McAdams Ryan M, Pak Daniel, Lalovic Bojan, Phillips Brian, Shen Danny D
Department of Pediatrics, University of Wisconsin School of Medicine and Public Health, Madison, WI, USA.
Department of Pharmacy, Seattle Children's Hospital, Seattle, WA, USA.
Anesthesiol Res Pract. 2020 Feb 25;2020:2582965. doi: 10.1155/2020/2582965. eCollection 2020.

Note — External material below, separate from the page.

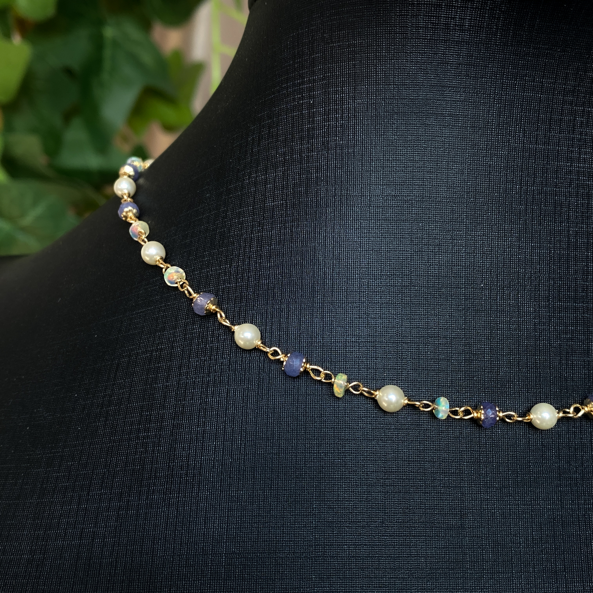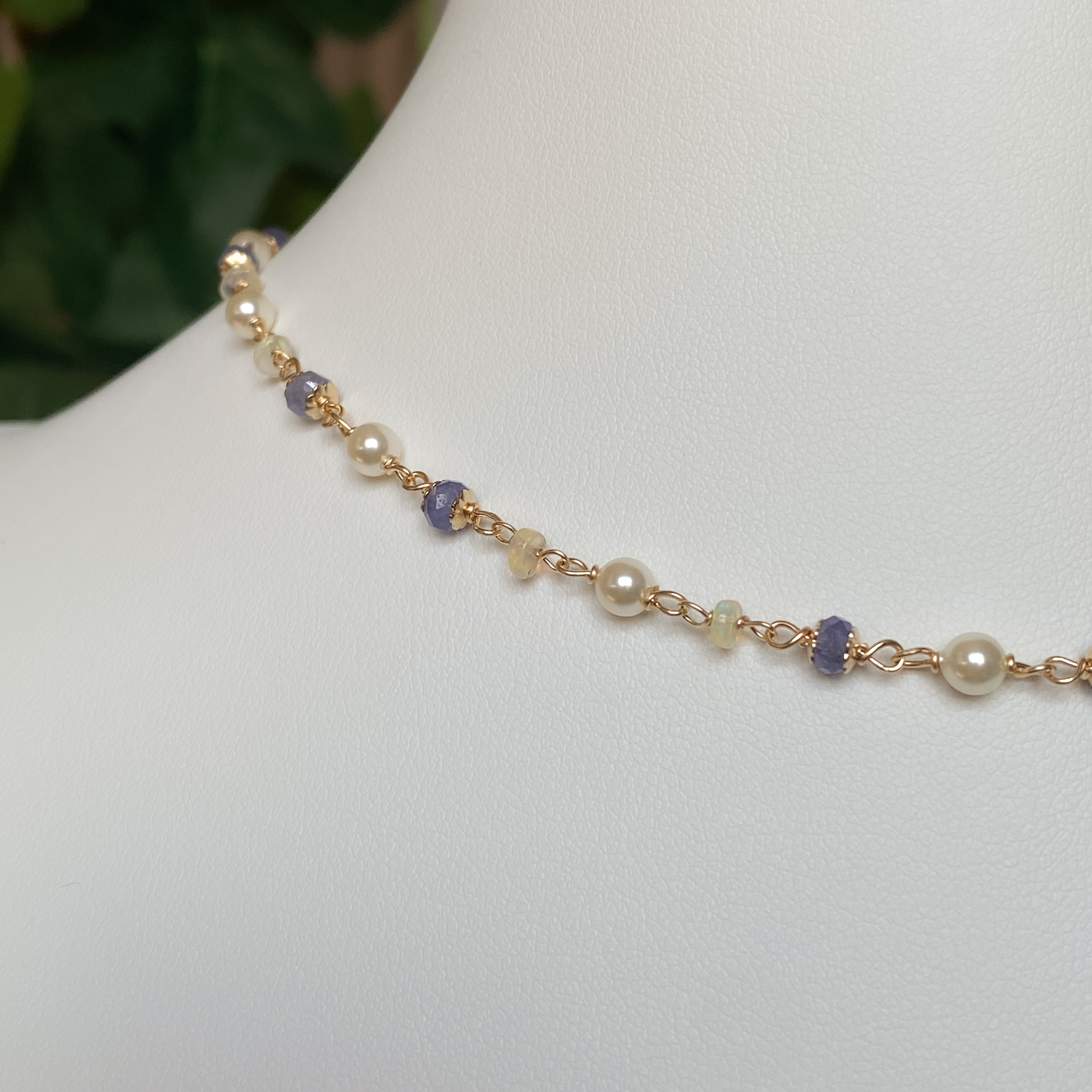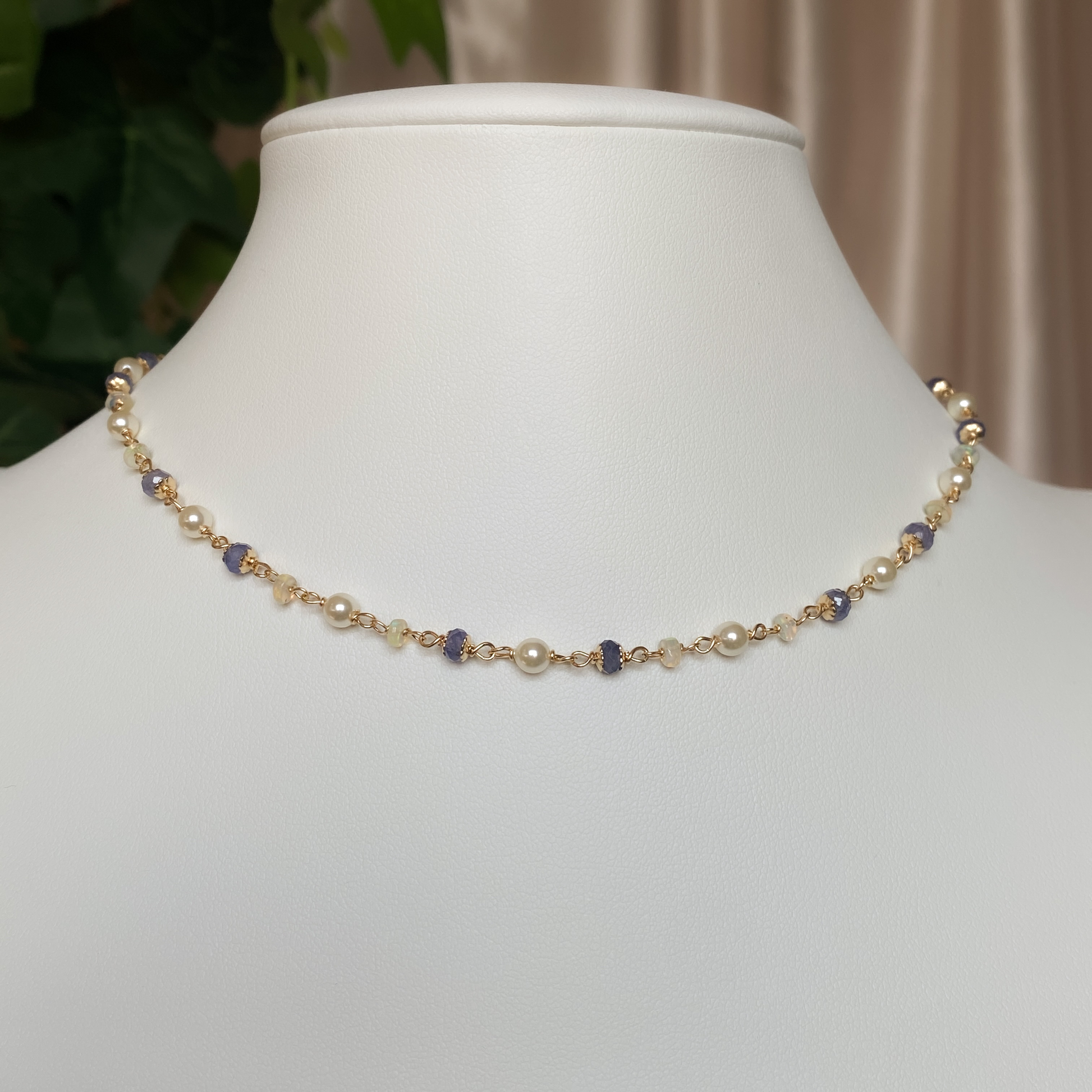 ༺ Materials: crystal pearl, tanzanite, Ethiopian opal, 14k gold filled.

Dexmedetomidine is a promising sedative and analgesic for newborns with hypoxic-ischemic encephalopathy (HIE) undergoing therapeutic hypothermia (TH). Pharmacokinetics and safety of dexmedetomidine were evaluated in a phase I, single-center, open-label study to inform future trial strategies. We recruited 7 neonates ≥36 weeks' gestational age diagnosed with moderate-to-severe HIE, who received a continuous dexmedetomidine infusion during TH and the 6 h rewarming period. Time course of plasma dexmedetomidine concentration was characterized by serial blood sampling during and after the 64.8 ± 6.9 hours of infusion. Noncompartmental analysis yielded descriptive pharmacokinetic estimates: plasma clearance of 0.760 ± 0.155 L/h/kg, steady-state distribution volume of 5.22 ± 2.62 L/kg, and mean residence time of 6.84 ± 3.20 h. Naive pooled and population analyses according to a one-compartment model provided similar estimates of clearance and distribution volume. Overall, clearance was either comparable or lower, distribution volume was larger, and mean residence time or elimination half-life was longer in cooled newborns with HIE compared to corresponding estimates previously reported for uncooled (normothermic) newborns without HIE at comparable gestational and postmenstrual ages. As a result, plasma concentrations in cooled newborns with HIE rose more slowly in the initial hours of infusion compared to predicted concentration-time profiles based on reported pharmacokinetic parameters in normothermic newborns without HIE, while similar steady-state levels were achieved. No acute adverse events were associated with dexmedetomidine treatment. While dexmedetomidine appeared safe for neonates with HIE during TH at infusion doses up to 0.4 g/kg/h, a loading dose strategy may be needed to overcome the initial lag in rise of plasma dexmedetomidine concentration.
右美托咪定是一种很有前景的镇静镇痛药,适用于接受治疗性低温(TH)的缺氧缺血性脑病(HIE)新生儿。在一项I期单中心开放标签研究中评估了右美托咪定的药代动力学和安全性,为未来的试验策略提供依据。我们招募了7名胎龄≥36周、诊断为中重度HIE的新生儿,他们在TH及6小时复温期接受右美托咪定持续输注。在64.8±6.9小时输注期间及之后,通过连续采血来表征血浆右美托咪定浓度的时间过程。非房室分析得出描述性药代动力学估计值:血浆清除率为0.760±0.155L/h/kg,稳态分布容积为5.22±2.62L/kg,平均驻留时间为6.84±3.20小时。根据一室模型进行的初始汇总分析和群体分析得出了相似的清除率和分布容积估计值。总体而言,与先前报道的在可比胎龄和月经后年龄的未接受低温治疗(体温正常)且无HIE的新生儿相比,接受低温治疗的HIE新生儿的清除率相当或更低,分布容积更大,平均驻留时间或消除半衰期更长。因此,与基于无HIE的体温正常新生儿报道的药代动力学参数预测的浓度-时间曲线相比,接受低温治疗的HIE新生儿在输注最初几小时血浆浓度上升更缓慢,而稳态水平相似。右美托咪定治疗未出现急性不良事件。虽然右美托咪定在输注剂量高达0.4μg/kg/h时对接受TH的HIE新生儿似乎是安全的,但可能需要采用负荷剂量策略来克服血浆右美托咪定浓度上升的初始延迟。